Variables start to get a little trickier. There are two possibilities: either we encounter the variable x, which means we should do the substitution, or we encounter some other variable with a different name, say y, in which case we should not do the substitution:

x{e/x} = e
y{e/x} = y

The first of those cases, x{e/x} = e, is important to note: it’s where the substitution operation finally takes place. Suppose, for example, we were trying to figure out the result of (x + 42){1/x}. Using the definitions from above,

  (x + 42){1/x}
= x{1/x} + 42{1/x}   by the bop case
= 1 + 42{1/x}        by the first variable case
= 1 + 42             by the integer case

Note that we are not defining the --> relation right now. That is, none of these equalities represents a step of evaluation. To make that concrete, suppose we were evaluating let x = 1 in x + 42:

    let x = 1 in x + 42
--> (x + 42){1/x}
  = 1 + 42
--> 43

There are two single steps here, one for the let and the other for +. But we consider the substitution to happen all at once, as part of the step that let takes. That’s why we write (x + 42){1/x} = 1 + 42, not (x + 42){1/x} --> 1 + 42.
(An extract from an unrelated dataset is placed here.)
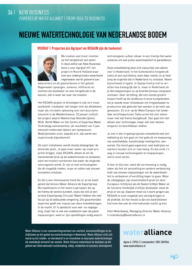 Ik ben er blij mee, want die vernieuwing is nodig, zeker als het tot versnelling en verdere verbetering leidt van nieuwe toepassingen om de waterkwaliteit te verbeteren of verzilting tegen te gaan. Want de uitdagingen zijn onverminderd groot en door Europese richtlijnen als de Kaderrichtlijn Water en de herziene Stedelijke richtlijn afvalwater staat de druk er vol op. Daarom moet zo’n sterk project als REGAIN zo snel mogelijk een vervolg krijgen in de praktijk. En het mooie is dat ons bedrijfsleven hiermee ook aan de internationale markt kan.

Finally, let expressions also have two cases, depending on the name of the bound variable:

(let x = e1 in e2){e/x}  =  let x = e1{e/x} in e2
(let y = e1 in e2){e/x}  =  let y = e1{e/x} in e2{e/x}

Both of those cases substitute e for x inside the binding expression e1. That’s to ensure that expressions like let x = 42 in let y = x in y would evaluate correctly: x needs to be in scope inside the binding y = x, so we have to do a substitution there regardless of the name being bound.
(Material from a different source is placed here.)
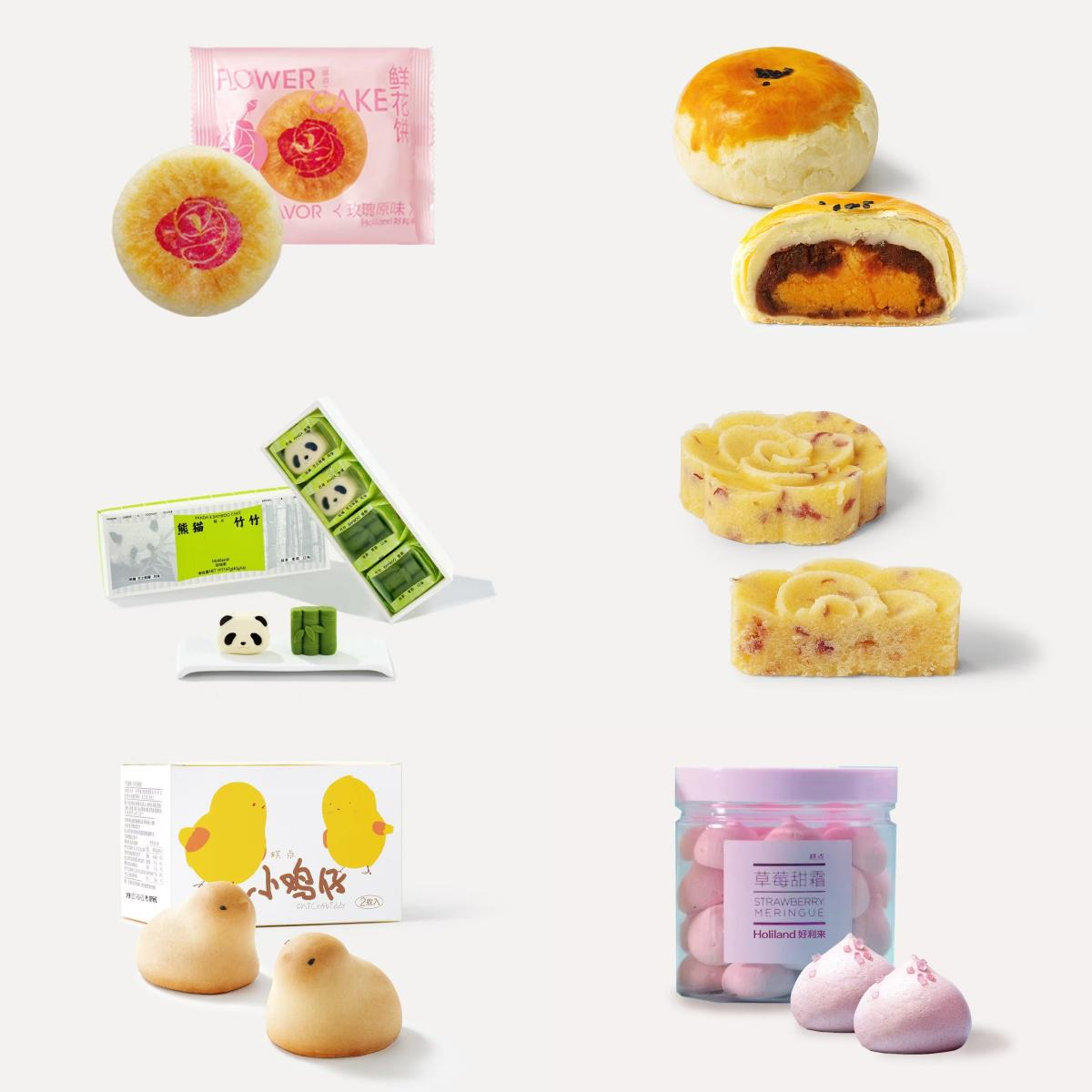 零食中点产品有line friends联名系列minini迷你连萌糕点,传统类糕点如鲜花饼、玫瑰蛋黄酥、玫瑰绿豆糕、锦韵茶糕等,还有北海道芝士牧场、熊猫竹竹、小鸡仔、甜霜等产品。

But the first case does not do a substitution inside e2, whereas the second case does. That’s so we stop substituting when we reach a shadowed name. Consider let x = 5 in let x = 6 in x. We know it would evaluate to 6 in OCaml because of shadowing. Here’s how it would evaluate with our definitions of SimPL:

    let x = 5 in let x = 6 in x
--> (let x = 6 in x){5/x}
  = let x = 6{5/x} in x      ***
  = let x = 6 in x
--> x{6/x}
  = 6

On the line tagged *** above, we’ve stopped substituting inside the body expression, because we reached a shadowed variable name. If we had instead kept going inside the body, we’d get a different result:

    let x = 5 in let x = 6 in x
--> (let x = 6 in x){5/x}
  = let x = 6{5/x} in x{5/x}      ***WRONG***
  = let x = 6 in 5
--> 5{6/x}
  = 5

Example 1:

let x = 2 in x + 1
--> (x + 1){2/x}
  = 2 + 1
--> 3

Example 2:

    let x = 0 in (let x = 1 in x)
--> (let x = 1 in x){0/x}
  = (let x = 1{0/x} in x)
  = (let x = 1 in x)
--> x{1/x}
  = 1

Example 3:

    let x = 0 in x + (let x = 1 in x)
--> (x + (let x = 1 in x)){0/x}
  = x{0/x} + (let x = 1 in x){0/x}
  = 0 + (let x = 1{0/x} in x)
  = 0 + (let x = 1 in x)
--> 0 + x{1/x}
  = 0 + 1
--> 1

9.3.7. Implementing Substitution#

The definitions above are easy to turn into OCaml code. Note that, although we write v below, the function is actually able to substitute any expression for a variable, not just a value. The interpreter will only ever call this function on a value, though.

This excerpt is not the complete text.